The marked reduction in prevalence of extremely disrupted PTSD-like behavioral responses to PSS exposure raises the possibility that, like the β-blockers mentioned above, SSRI's may attenuate the more severe clinical sequelae of stress exposure when administered soon after exposure. Such effects might be mediated by qualities such as the following:

  1. 1)

    Nonspecific effects on other neuroactive monoamines: although the SSRI antidepressants are believed to act mainly by selectively binding to the 5-HT transporter to block reuptake of 5-HT from the synapse into the presynaptic nerve terminal, thereby increasing synaptic serotonin concentrations, some of the SSRIs also exhibit other neuropharmacologic effects, such as partial norepinephrine reuptake inhibition (paroxetine) (Cryan et al, 2004; Owens et al, 2000), partial dopamine reuptake inhibition (sertraline) (Cryan et al, 2004) and reduced activity of CRF neurons (Nemeroff et al, 2006; Nemeroff and Owens, 2004). The SSRI paroxetine was found to reverse CRF alterations induced by stress associated with early maternal separation in primates (Nemeroff and Owens, 2004).

  2. 2)

    Neuroprotective effects: In addition to modulating synaptic function in the adult brain, and regulating neurite outgrowth, synaptogenesis and cell survival (Mattson et al, 2004), 5-HT controls important functions in hippocampal neurogenesis (Santarelli et al, 2003). Serotonin can also promote the survival of neurons in the adult brain, as demonstrated by the abilities of a 5-HT receptor agonist and an SSRI to protect neurons against excitotoxicity and ischemic injury in animal models (Semkova et al, 1998).

  3. 3)

    Neurotrophic factors: increases in neurotrophic factors, particularly brain-derived neurotrophic factor (BDNF), have been proposed to be critical for the action of antidepressants in the hippocampus (Duman, 1998; Duman et al, 1997; Duman et al, 2000; Manji and Duman, 2001). BDNF, is a survival-promoting molecule, known to modulate synaptic plasticity and neurotransmitter release across multiple neurotransmitter systems, and is involved in intracellular signal-transduction pathways (Hyman et al, 1991; Maisonpierre et al, 1991). It influences the growth and plasticity of serotonergic neurons via the activation of trkB receptor.
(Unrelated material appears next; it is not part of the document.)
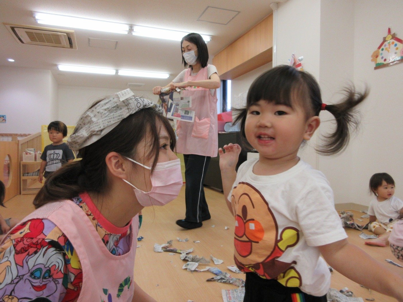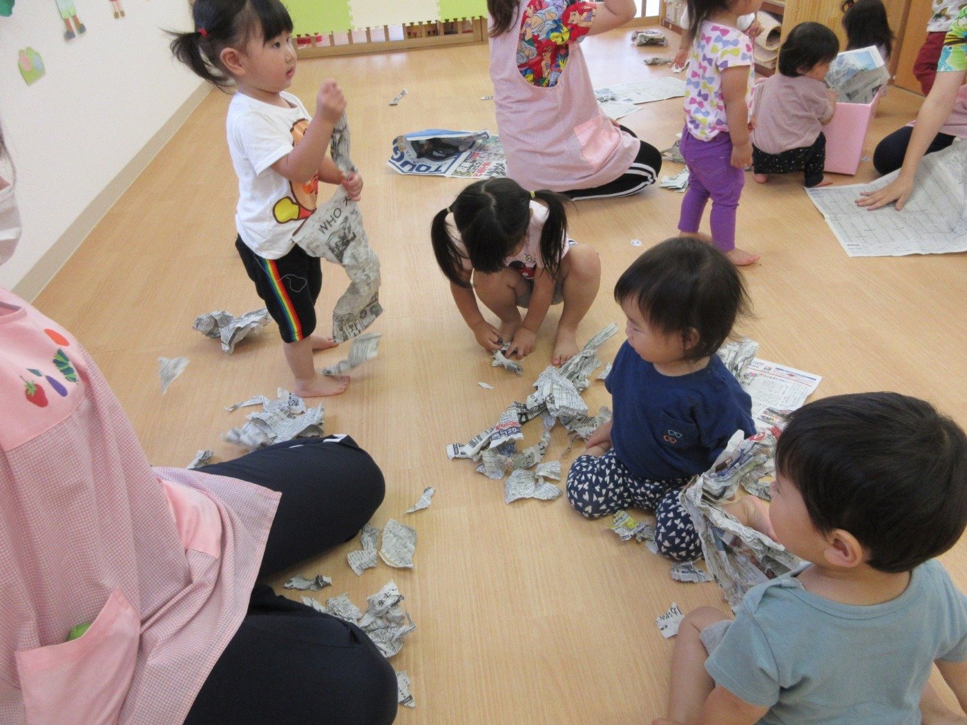 朝からずっと雨模様のある日…今日はお外に行けないね。そうだ!みんなで新聞紙遊びをしよう♪

Stress results in a downregulation of BDNF mRNA in the hippocampus, an effect which may be partially related to glucocorticoid release (Smith et al, 1995), an effect blocked by SSRI treatment (Duman et al, 1997; Nibuya et al, 1995). Interestingly, endogenous BDNF is integral to the memory consolidation process (Lee et al, 2004) through dual effects on postsynaptic gene expression and local protein synthesis (Bramham and Messaoudi, 2005). Lower levels of BDNF after stress exposure may impair the consolidation process, attenuating the anomalous traumatic memory consolidation process thought to occur in PTSD patients.
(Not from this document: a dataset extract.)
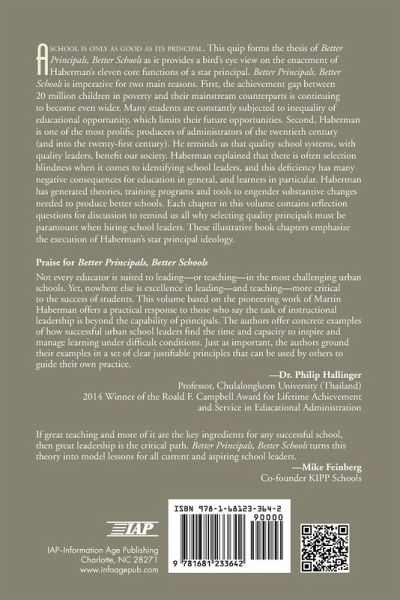 A volume in Urban Education Studies Series Series Editors: Nicholas D. Hartlep, Illinois State University, Thandeka K. Chapman, University of California, San Diego and Kenneth Fasching-Varner, Louisiana State University A school is only as good as its principal. This quip forms the thesis of Better Principals as it provides a bird's eye view on the enactment of Haberman's eleven core functions of a star principal. Better Principals is imperative for two main reasons. First, the achievement gap between 20 million children in poverty and their mainstream counterparts is continuing to become even wider. Many students are constantly subjected to inequality of educational opportunity, which limits their future opportunities. Second, Haberman is one of the most prolific producers of administrators of the twentieth century (and into the twenty-first century). He reminds us that quality school systems, with quality leaders, benefit our society. Haberman explained that there is often selection blindness when it comes to identifying school leaders, and this deficiency has many negative consequences for education in general, and learners in particular. Haberman has generated theories, training programs and tools to engender substantive changes needed to produce better schools. Each chapter in this volume contains reflection questions for discussion to remind us all why selecting quality principals must be paramount when hiring school leaders. These illustrative book chapters emphasize the execution of Haberman's star principal ideology.

Extensive long-term studies are needed to directly assess the relevance of any of these hypothetical mechanisms to the behavioral changes seen in this preliminary study. The present study paves the way for more extensive studies of these drugs as agents of secondary prevention in the acute postexposure phase. Longer-term follow-up studies are needed to assess the effect of brief treatment regimens vs long-term administration on chronic symptom/behavior patterns.

Conclusions

Brief immediate postexposure administration of an FDA-approved drug treatment for PTSD—sertraline—reduced the prevalence rates of individuals displaying extremely disrupted behaviors. These finding suggest that SSRIs drugs represent potential agents for secondary intervention in the acute aftermath of traumatic stress exposure and are thus worthy of further investigation.